«Готовых пословиц высшее общество не принимает, потому что это картины чуждого ему быта, да и не его язык; а своих не слагает», — напишет Даль в «Напутном». И вот ведь что замечательно: враги Далева сборника норовят ударить Даля, а бьют все по народу, о котором якобы пекутся. С каким высокомерным презрением цедят сквозь зубы: «Народ глуп и болтает всякий вздор». И взрываются гневом: «Даль домогается напечатать сборник народных глупостей».
А Даль-то думал, что мудрости народной…
Даль взял взаймы у народа тридцать тысяч пословиц, ему не разрешают вернуть их обратно народу.
Сборник «Пословицы русского народа» увидит свет лишь в начале шестидесятых годов. На титульном листе книги, под заголовком, словно недругам в укор, словно назло недругам, Даль поставит: «Пословица несудима».
МУЖИЦКИЕ «БЕЗДЕЛИЦЫ»
Иногда пишут, будто Даль мог предаваться в Нижнем Новгороде литературным и научным занятиям, потому что был «свободен от службы». Пишут и наоборот (сам Даль с теми, кто «наоборот»), будто Даль не мог в полную силу заняться учеными и литературными трудами, потому что и в Нижнем служба отнимала у него слишком много времени. Но в том-то и весь Даль, чтобы непостижимым образом укладывать в двадцать четыре часа и пословицы, и Словарь, и ученые труды, и литературную работу, и службу — да какую службу! «У столичных чиновников даже нет и понятия о той грязи, с которой мы возимся, — пишет он из Нижнего петербургским знакомым. — Но унывать нельзя, а надо бороться день и ночь до последнего вздоха».
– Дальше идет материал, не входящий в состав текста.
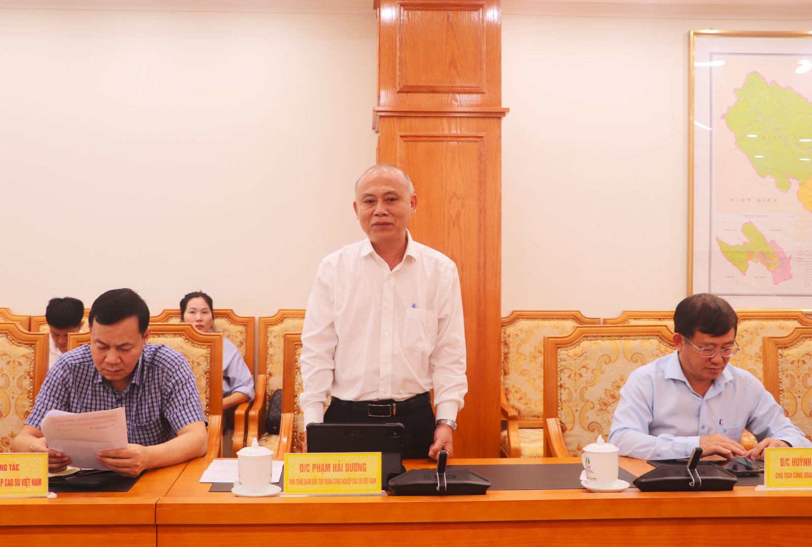 Phát biểu tại buổi làm việc, ông Phạm Hải Dương - Phó Tổng Giám đốc Tập đoàn đã khẳng định lại những kết quả của các Công ty cao su trên địa bàn tỉnh Lai Châu, trong việc ổn định sản xuất, kinh doanh, chăm lo đời sống người lao động, đặc biệt là người lao động địa phương. Ông nhấn mạnh: Tập đoàn luôn đặt người lao động làm trung tâm trong mọi hoạt động, từ chính sách tiền lương, phúc lợi đến đào tạo và nâng cao chất lượng sống và phấn đấu để thu nhập của công nhân cao su Lai Châu tiệm cận mức bình quân của công nhân toàn Tập đoàn.

…У крестьянина Ивана Егорова на базаре в Нижнем увели лошадь с санями. Иван туда-сюда — нету. Бросился искать: «Лошадка не попадалась? Саврасая. На лбу лысинка белая…» Никто не знает. Иван в суд: так, мол, и так, лошадь украли. Судья спрашивает:
— А паспорт у тебя где?
— На что пачпорт, ваше благородие? В деревне пачпорт. А я с базару. Лошадку мою, ваше благородие, саврасую, с белой лысинкой…
Оглянуться Иван не успел — сидит на скамье связанный, а секретарь громким голосом читает приговор: клеймить беспаспортного бродягу железом и сдать в арестантскую роту.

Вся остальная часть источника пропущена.